The overall architecture is that there is a derived type for each sort of vector. VectorType is the base class, and the two derived vector types are FixedVectorType and ScalableVectorType. I suppose I could have named them something like BaseVectorType, VectorType(actually fixed width vector type), and ScalableVectorType, but I feel that this is a worse solution because it's not obvious by the name what a "VectorType" is. Additionally, naming the types this would have broken all code that previously worked for scalable vectors. It's not obvious to me which naming scheme would have resulted in less changes (changes to rename fixed vectors to FixedVectorType vs changes needed to rename all generic code to BaseVectorType and to fix code for scalable vectors), but I think the consistency in the naming scheme justifies the path I chose.
For your specific proposal, I think it would be very strange if a function with the signature static FixedVectorType *get(Type *, unsigned) were a member of the base VectorType.
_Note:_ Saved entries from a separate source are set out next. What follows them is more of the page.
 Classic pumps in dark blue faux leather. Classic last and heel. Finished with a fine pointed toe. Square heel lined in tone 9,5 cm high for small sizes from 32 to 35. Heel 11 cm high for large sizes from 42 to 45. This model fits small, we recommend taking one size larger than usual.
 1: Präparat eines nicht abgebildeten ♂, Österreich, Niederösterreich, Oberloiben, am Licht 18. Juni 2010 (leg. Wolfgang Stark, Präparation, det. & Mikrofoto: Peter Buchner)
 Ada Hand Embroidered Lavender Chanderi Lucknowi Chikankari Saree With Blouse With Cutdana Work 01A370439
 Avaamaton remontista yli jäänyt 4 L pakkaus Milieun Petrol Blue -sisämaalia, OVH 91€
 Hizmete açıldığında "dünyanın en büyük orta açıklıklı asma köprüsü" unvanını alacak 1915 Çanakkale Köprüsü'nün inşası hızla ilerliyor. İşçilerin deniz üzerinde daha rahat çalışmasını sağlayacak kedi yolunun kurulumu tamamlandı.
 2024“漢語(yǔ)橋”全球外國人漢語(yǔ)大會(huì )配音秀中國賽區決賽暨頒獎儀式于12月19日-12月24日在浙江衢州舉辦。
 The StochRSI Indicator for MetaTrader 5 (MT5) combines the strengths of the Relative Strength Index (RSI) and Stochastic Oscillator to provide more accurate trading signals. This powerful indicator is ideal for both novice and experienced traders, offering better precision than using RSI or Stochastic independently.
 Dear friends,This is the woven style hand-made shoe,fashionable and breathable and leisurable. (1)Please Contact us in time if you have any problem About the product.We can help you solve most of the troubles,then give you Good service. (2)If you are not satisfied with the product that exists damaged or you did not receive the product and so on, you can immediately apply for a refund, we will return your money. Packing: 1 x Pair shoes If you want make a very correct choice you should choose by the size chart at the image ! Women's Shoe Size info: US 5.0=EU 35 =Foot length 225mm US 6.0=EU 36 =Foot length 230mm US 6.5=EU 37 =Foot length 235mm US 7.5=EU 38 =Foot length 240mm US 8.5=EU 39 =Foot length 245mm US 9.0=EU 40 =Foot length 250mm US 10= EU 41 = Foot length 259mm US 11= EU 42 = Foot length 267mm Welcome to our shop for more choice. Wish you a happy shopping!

If you'd like to know more about the motivation for this work, here is a link to the RFC: http://lists.llvm.org/pipermail/llvm-dev/2020-March/139811.html
Yeah, I understand what you're trying to do. If I had to guess, I'd say the vast majority of existing frontend, optimizer, and backend code does *not* work with scalable vectors as a free generalization. The code that *does* work with them needs to at least be audited, and the clearest way of marking that you've done that audit would be to change the types. So this is breaking a ton of code, including a lot that's not in-tree and which you are therefore not on the hook to update (and it's particularly likely that there's a lot of vector code out-of-tree), as well as setting up the "audit polarity" exactly backwards from what it should be — all just so that you can use the name VectorType for the common base type, which is really not much of a win vs. VectorBaseType or AnyVectorType or AbstractVectorType or some similar.
The fact is that people come up with ways to generalize the representation all the time, and it's great for LLVM to take those. Sometimes generalizations are necessarily disruptive because they're really pointing out a common conflation that's dangerous in some way, but in this case it's purely "additive" and there's really no good reason that any of the existing code that's happily assuming fixed-width vectors should have to change.
I've responded to the llvmdev thread, which I missed before. I would like us to hold off on this line or work until we come to a resolution there.